地阶高级斗技,也不容小觑。
他双手在身前结印,一朵比之前更加凝练、更加炽烈的麒麟火在掌心浮现。
与此同时,他体内的陨落心炎也开始涌动,一股无形的灵魂之火悄然融入了麒麟火之中。
五轮离火法——双火合一!
麒麟火与陨落心炎融合,化作一朵半青半白的奇异火焰。
火焰中心是纯白色的灵魂之火,外层是青色的赤金火,两者相融,既焚肉身,又灼灵魂。
宁川双手推出,双火莲花迎风暴涨,化作一丈方圆,正面迎上了雷神戟。
轰——!!!
雷与火的碰撞爆发出令人目盲的光芒。整座寒渊被照得亮如白昼,冲击波向四面八方席卷,渊壁上万年不化的玄冰大片大片地崩落。
三名风雷阁斗皇弟子被冲击波撞得倒飞出去,砸在崖壁上齐齐吐血。
四姐妹早已退到了寒渊边缘,却依然被那股冲击波震得气血翻涌。
梅剑面色凝重,竹剑紧紧抓着她的手臂,兰剑和菊剑更是连眼睛都睁不开。
“公子……”竹剑咬着嘴唇,眼中满是担忧。
碰撞的中心,雷神戟与双火莲花僵持了足足三个呼吸。
然后,雷神戟寸寸碎裂。
不是从头到尾,而是从戟尖开始,一寸一寸地被火焰焚化。
雷电符文哀鸣着消散,凝聚戟身的雷光如同融化的金属,化作无数细小的电弧向四周逸散。
费天目眦欲裂:“不可能!”
雷神戟是地阶高级斗技,他倾尽全力施展,威力足以重创同级别的对手。
可对方的火焰,竟然将雷神戟生生焚化了?
这到底是什么火?!
然而他已经没有时间去想答案了。
双火莲花在焚尽雷神戟后,余势不减,继续向费天轰去。
费天仓促之间全力凝聚斗气护盾,却依然被莲花结结实实地轰在身上。
噗——
一口血箭从费天口中喷出,他整个人如同断线的风筝般倒飞出去,周身衣衫多处烧焦,皮肤上布满了可怖的灼痕。
那双曾经电光闪烁的眼眸,此刻变得黯淡无光。
八星斗宗,重伤。
他勉强在空中稳住身形,看向宁川的目光中满是骇然与不甘。
这一战,他败了。败得彻彻底底。
“撤!”
费天咬紧牙关,强提最后一口斗气,雷光裹住身后三名重伤的护法,向寒渊上方疯狂掠去。
他甚至连凤清儿都顾不上了——再不跑,连他自己都得折在这里。
宁川没有追。
他收回目光,望向寒渊中央。那头冰纹魔蛇依然瘫倒在冻土上,方才的战斗余波让它又添了不少新伤,此刻已是出气多进气少。
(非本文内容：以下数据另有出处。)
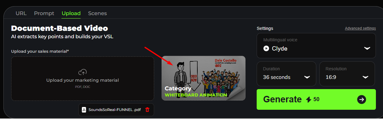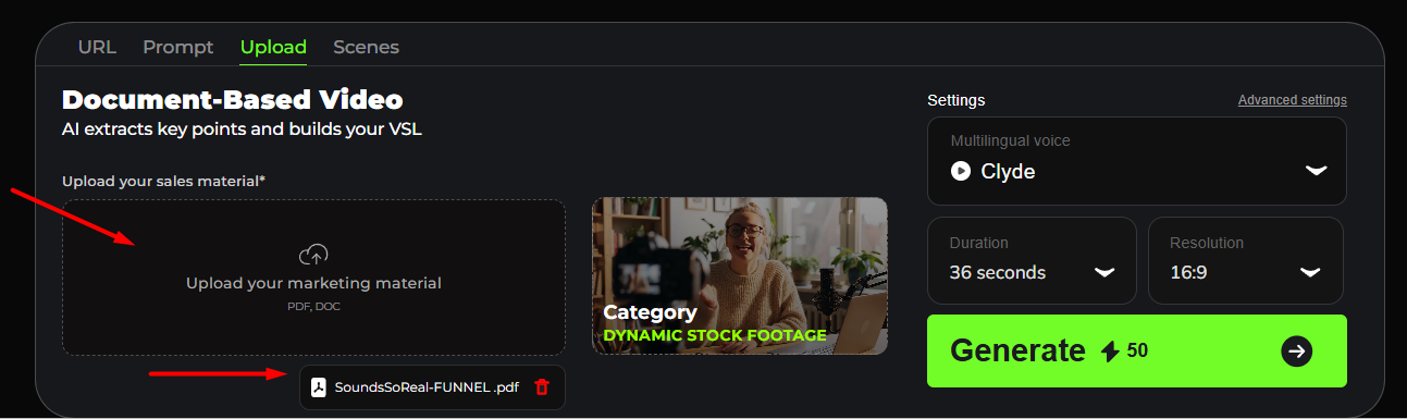 Upload your sales material in PDF or DOC format, and the system will automatically extract the key points, write the script, and build your video.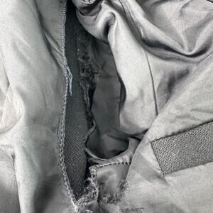 Flaws include patina on the brass buckle, tearing in the lining at the arm sleeves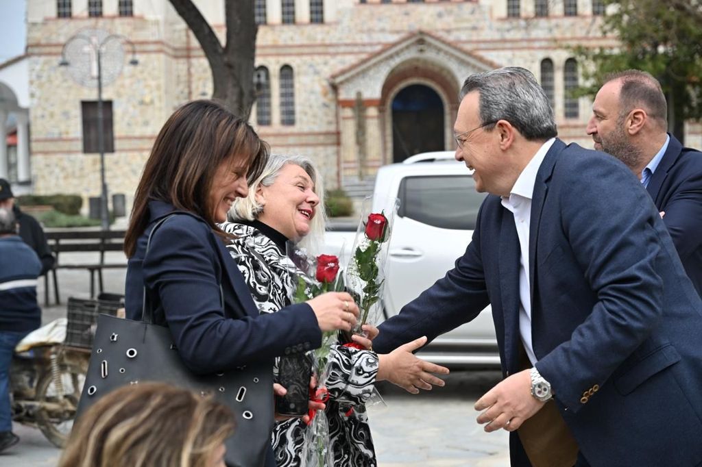 Ο πρόεδρος του ΣΥΡΙΖΑ-ΠΣ συναντήθηκε και συζήτησε με γυναίκες από το Ομόλιο Λάρισας, στις οποίες προσέφερε συμβολικά από ένα κόκκινο τριαντάφυλλο.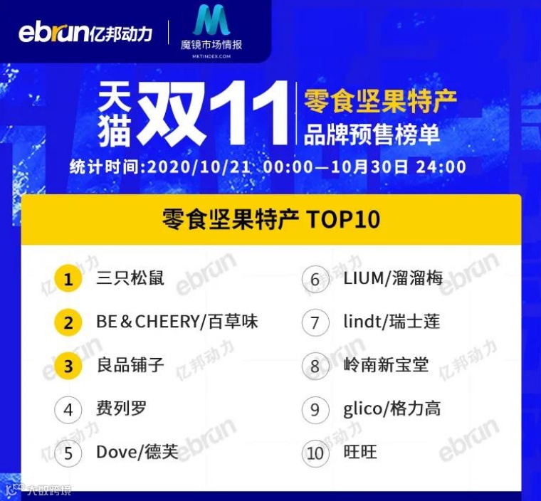 等9个平台类目排名第一;良品铺子销售额为6.59亿元,百草味为5.6亿元。这个销售量级,不知道是多少品牌一整年的任务目标。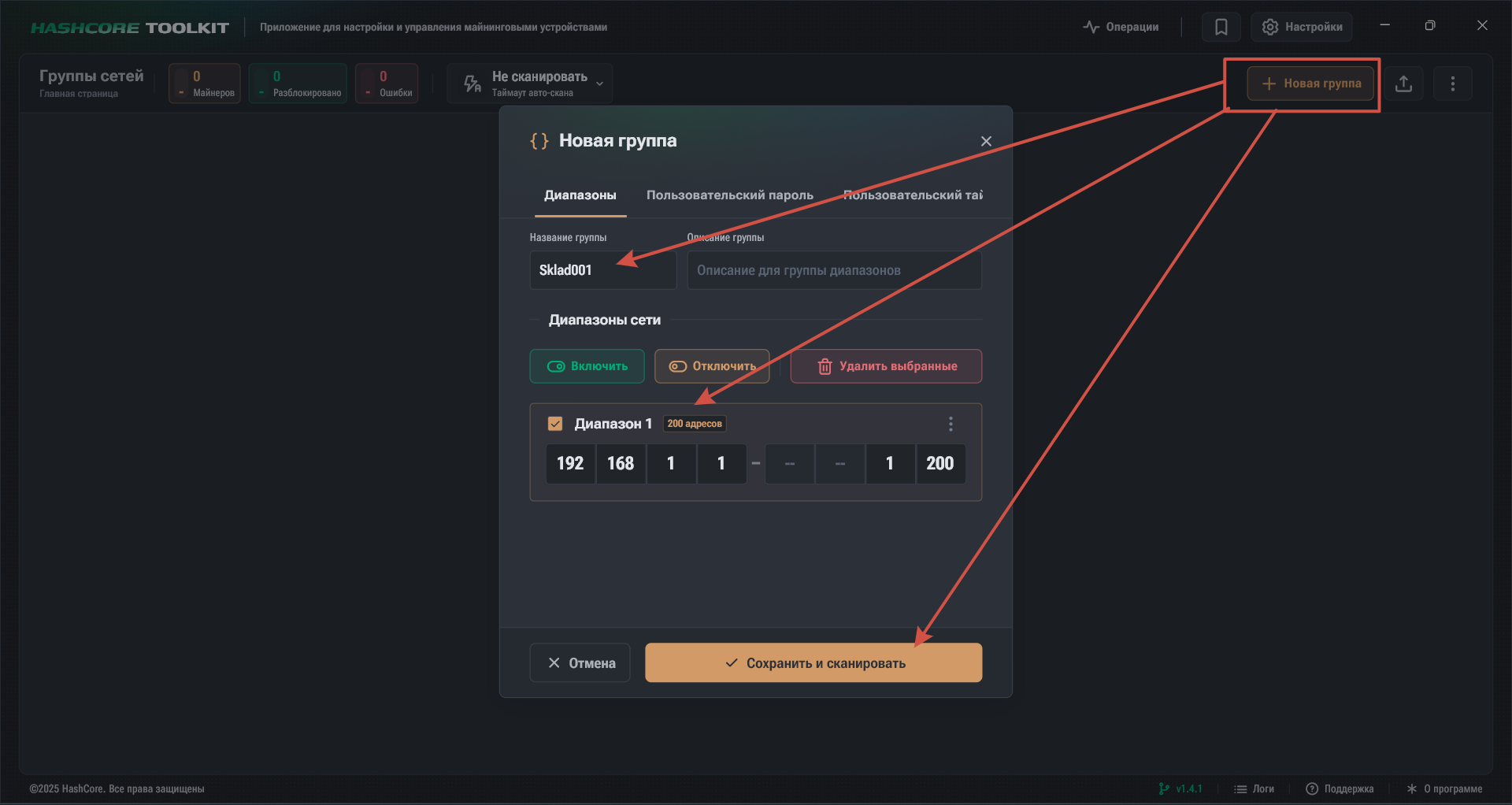 Заходим, жмем на "Новая группа" и задаем диапазон поиска устройств.

宁川并指如剑,一道青色剑罡划过。冰纹魔蛇硕大的头颅应声落地,七阶魔核被剑气卷起飞入宁川手中。
他收起魔核,走到石台前,小心翼翼将雪骨参连同根须冻土一同移植到玉盒中封印保存。
雪骨参通体雪白如玉,寒气氤氲,即便在经历了如此激烈的战斗后,它依然静静扎根冻土之中,叶片上凝着细碎的冰雾,完好无损。
三种主材,八品丹兽魔核、万年青灵藤、雪骨参,如今雪骨参也已入手。
距离炼制生骨融血丹,又近了一步。
做完这一切,宁川转身走向凤清儿。
她依然昏迷在冻土上,妖凰战甲早已破碎,衣衫多处撕裂,露出的皮肤上青紫斑斑。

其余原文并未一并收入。